MEMPHIS, Tennessee — "A budget is a moral document because it defines for our community, our values," Cardell Orrin said.

Orrin, and others in a diverse group Friday morning in downtown Memphis, believes those values need to be revamped in the upcoming City of Memphis and Shelby County budgets, which will be debated and approved by July 1st.

"We are asking them, they've got over a month, to battle for the people, to battle for the communities and get this done," Orrin added.

The coalition of clergy, labor leaders, and community advocates demanded council members and commissioners keep the city and county property tax rate the same. Organizers estimate that could generate a combined $140 million in additional revenue to spend on education, additional affordable housing options, and expanded public transit.

"Properly funding MATA (Memphis Area Transit Authority) will provide reliable ridership for everyone, but it will especially expand opportunities for modest income citizens," Mary Lou McCaa with the interfaith group MICAH said.

Shelby County Mayor Lee Harris and Memphis Mayor Jim Strickland are not requesting any property tax increases in their respective budget proposals. As is required by state law, their spending plans call for the adjusted property tax rate next year - after property reappraisals - to bring the same tax revenue as this budget year.

"Most of the people in our communities that have the greatest need have seen the least investments," Orrin said.

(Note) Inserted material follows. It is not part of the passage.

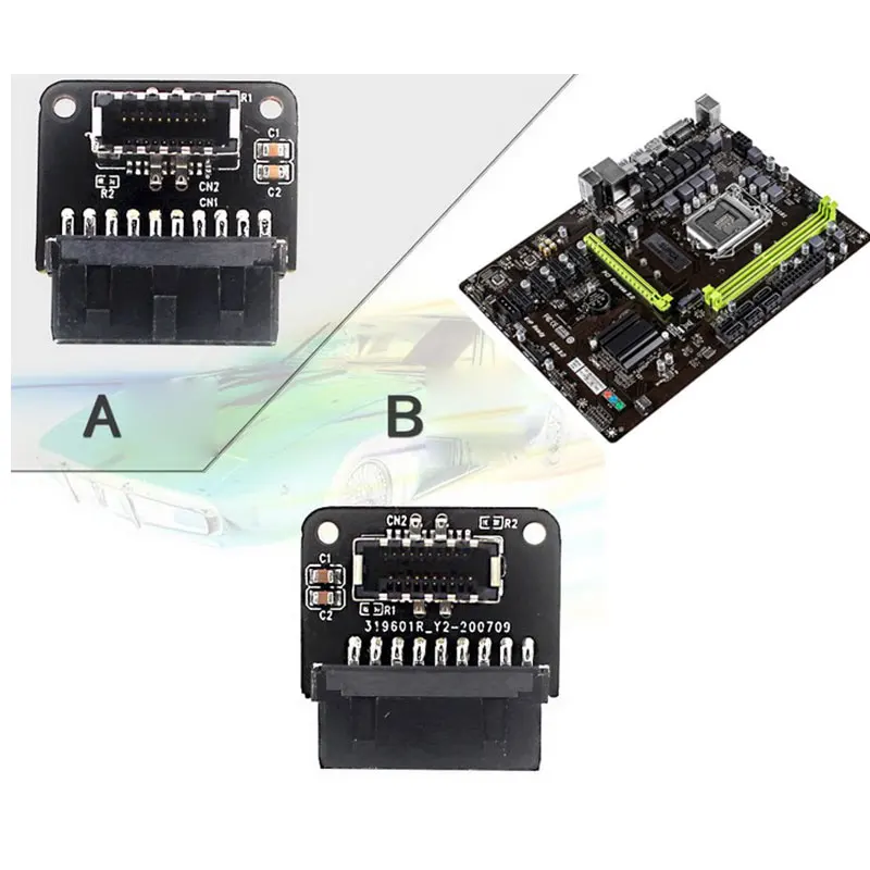 Адаптер представляет собой преобразователь для преобразования доступного разъема USB 3,0 материнской платы в разъем USB 3,1 типа e.

Speakers also wanted all City of Memphis workers to get a raise in the next spending plan, compared to Mayor Strickland's proposal of a pay hike for only commissioned police officers and firefighters.

"There are employees who are not receiving cost of living increases annually. These employees have worked the entire pandemic. They have risked their lives of their family members just to serve this community," AFSCME 1733 President Jason Hunter said.

Some Memphis city council members and Shelby County commissioners have floated the idea of a separate tax hike - beyond the recertified property tax rate - to free up more money to spend on services. Those bodies will get the final say in approving their budgets next month.